Origins of the village
Local folklore suggests that the village was first settled in the year 1330 by Christian settlers from the Mat River region of Albania. The village was originally named Rakovo in Slavic. This word comes from Rakoits and means fresh water crayfish, which were plentiful in the nearby streams. The village was named Krateron in 1928 after the Second Balkan War of 1913 when the region became part of Greece according to the Treaty of Bucharest (1913). Many residents migrated from Kratero in the 1950s to start new lives in the United States, Canada and Australia.
Kratero at the time of the Ilinden Uprising (1903)
The village has experienced a turbulent history as a result of its location and the strong patriarchist and Greek national identity of the population. The village was burnt down three times, once in 1903 by the Ottoman Turkish Army, in 1907 by Bulgarian bands, and in 1947 during the Greek Civil War.
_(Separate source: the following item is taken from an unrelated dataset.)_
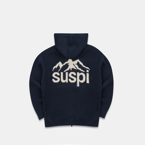 Landscape Knitted Zipped Hoodie - Navy
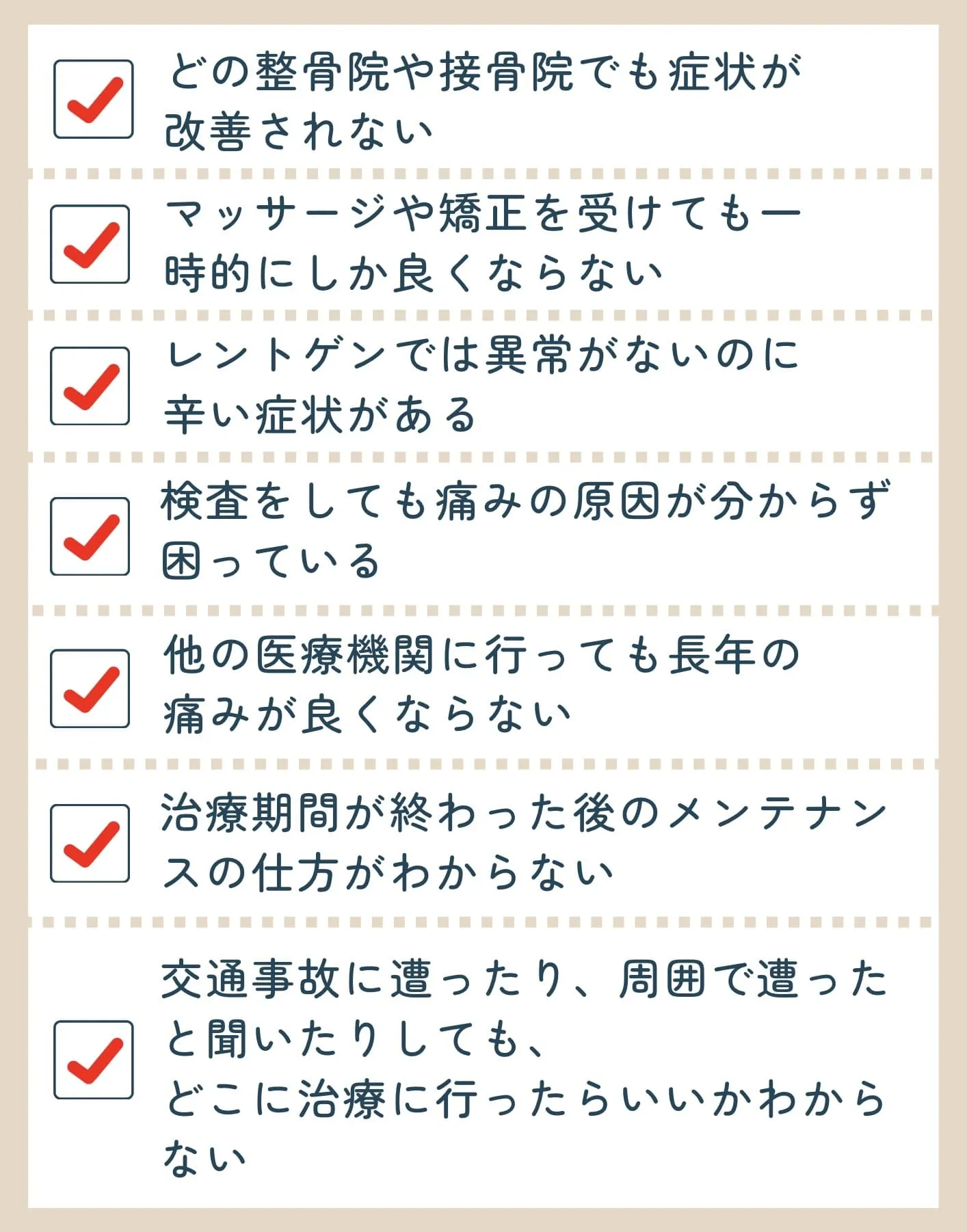 肩こりや腰痛などの慢性的な不調から、ぎっくり腰等の急性の不調まで、

The village of Kratero was heavily affected by the events of the Ilinden Uprising of 1903 due to the villages remote location in the Monastir Vilayet of the Ottoman Empire. The villages of the Monastir Vilayet were subject to intimidation by Bulgarian bands who attempted by violent means to bring the Greek Patriarchist villages to the Bulgarian Exarchate. When the Greeks of Kratero categorically refused to support the Bulgarians, they were threatened with the burning of the village. The Greek priest, Papa Dimitrios and two notables, K. Traianou and Y. Konstantinou were murdered, and five more members of the community were beaten. Later, a Bulgarian armed band again raided Kratero murdering the Greek Priest Mitanidis, the village President Stavros Maligeorgos, and Vice President Yiorgos Boikovitis. In August 1903 Ottoman troops attacked the village in their attempts to deal with the Ilinden insurrection, burning and destroying 100 out of 120 houses.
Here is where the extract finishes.